In parallel with his parliamentary career, he taught at Diego Portales University and at the University of Arts, Sciences and Communication (UNIACC). He has also been a member of the weekly public opinion committee of the Consorcio Periodístico de Chile (COPESA) and a partner in the law firm Rodríguez, Cardemil y Uribe-Echeverría, Abogados y Cía. Ltda., founded in 1991.

== Political career ==
Between 1985 and 1989, he served as acting Undersecretary of Agriculture during the government of Augusto Pinochet. In 1986, under the same administration, he was appointed Undersecretary of the Interior for a three-year term. In that capacity, he publicly announced the results of the 1988 Chilean national plebiscite and represented the State during the visit of Pope John Paul II to Chile. In 1989, he was among the founders of National Renewal (RN).
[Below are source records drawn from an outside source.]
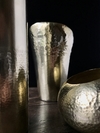 Realizado en placa de bronce hecho a mano por artesanos del norte argentino en técnica martelé. Forma cilíndrica de 23 cm de alto por 9,5 cm de diámetro. Detalle martele en base hasta centro del cilindro.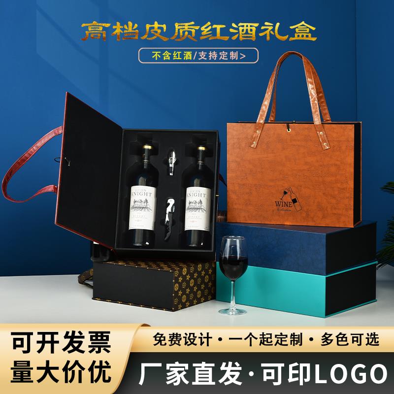 高档红酒包装 葡萄酒箱子定制双祇酒盒 礼盒手提四支皮盒空盒六瓶装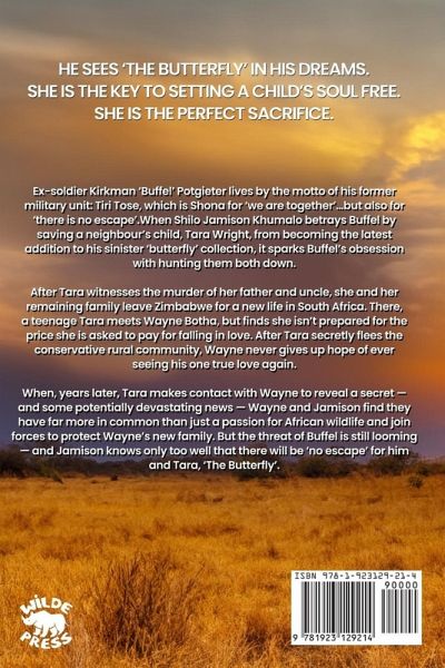 He sees 'the butterfly' in his dreams. She is the key to setting a child's soul free. She is the perfect sacrifice. Ex-soldier Kirkman 'Buffel' Potgieter lives by the motto of his former military unit: Tiri Tose, which is Shona for 'we are together'...but also for 'there is no escape'. When Shilo Jamison Khumalo betrays Buffel by saving a neighbour's child, Tara Wright, from becoming the latest addition to his sinister 'butterfly' collection, it sparks Buffel's obsession with hunting them both down. After Tara witnesses the murder of her father and uncle, she and her remaining family leave Zimbabwe for a new life in South Africa. There, a teenage Tara meets Wayne Botha, but finds she isn't prepared for the price she is asked to pay for falling in love. After Tara secretly flees the conservative rural community, Wayne never gives up hope of ever seeing his one true love again. When, years later, Tara makes contact with Wayne to reveal a secret - and some potentially devastating news - Wayne and Jamison find they have far more in common than just a passion for African wildlife and join forces to protect Wayne's new family. But the threat of Buffel is still looming - and Jamison knows only too well that there will be 'no escape' for him and Tara, 'The Butterfly'.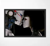 Due androidi bianchi e lucidi quasi si toccano le labbra: lui un robot da combattimento spigoloso, lei una bellezza delicata, quasi da geisha, con accenti rossi. Ispirato a "Ghost in the Shell" di Shirow Masamune, ai robot pin-up di Hajime Sorayama e all'estetica di Blade Runner. Il freddo metallo incontra il tenero desiderio, la tecnologia diventa anima. Questa immagine è pura poesia fantascientifica: erotica, malinconica, futuristica. Perfetto nella sua esecuzione, soprattutto per i gamer loft, i fan del cyberpunk e chiunque non sia freddo nei confronti della cultura giapponese contemporanea, dei manga e degli anime.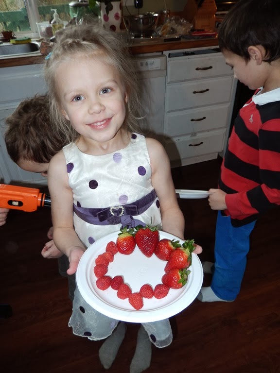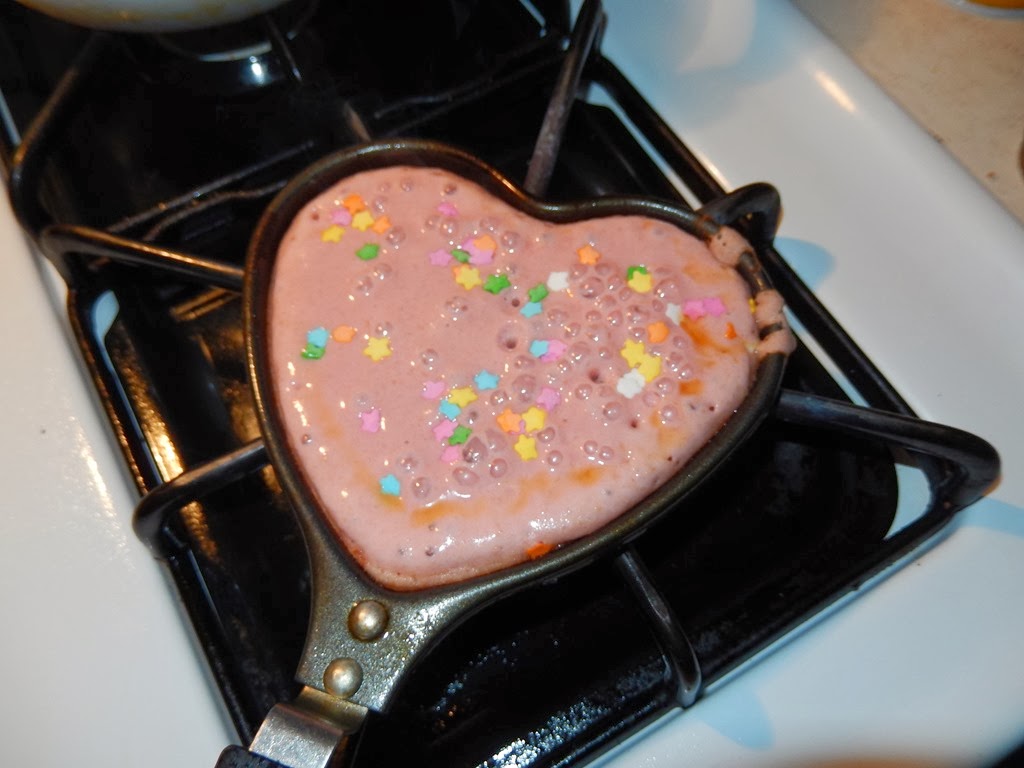 My kids really want Valentine’s to be a special day (I give credit–blame?– to Dwayne for always making this a great day for the kids). We start off the day with pink heart pancakes with sprinkles.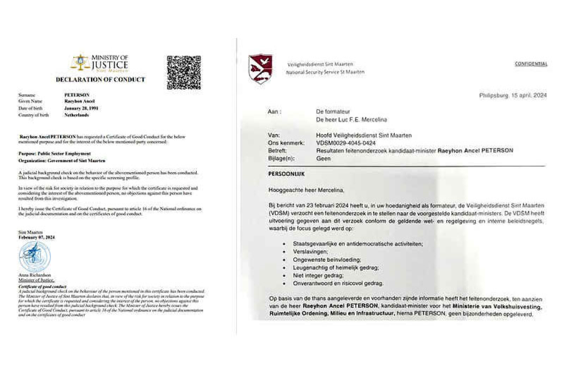 On the left the Certificate of Good Conduct issued for Rayhon Peterson, and on the right a letter from National Security Department DVSM stating that the screening of Candidate Minister Peterson has yielded nothing suspicious.

After the return to democracy, he ran for the Senate representing the VII North Region in the 1989 parliamentary elections but was not elected.

Between 1990 and 1992, he was a member of his party’s Political Commission. In 1997, he was elected vice president and later, from 1998 to July 2001, president of National Renewal. During his leadership, he directed the party in the 1999 presidential election and the 2000 municipal elections. On 7 July 2005, he resigned from RN after his party colleague Sebastián Piñera was proclaimed presidential candidate.

He aligned himself with the Independent Democratic Union (UDI) and supported the presidential candidacy of Joaquín Lavín, Piñera’s direct competitor within the Alliance for Chile. Despite his resignation, he later supported Sebastián Piñera in the second round when he became the sole candidate of his political coalition. He remained independent until early November 2008, when he rejoined National Renewal.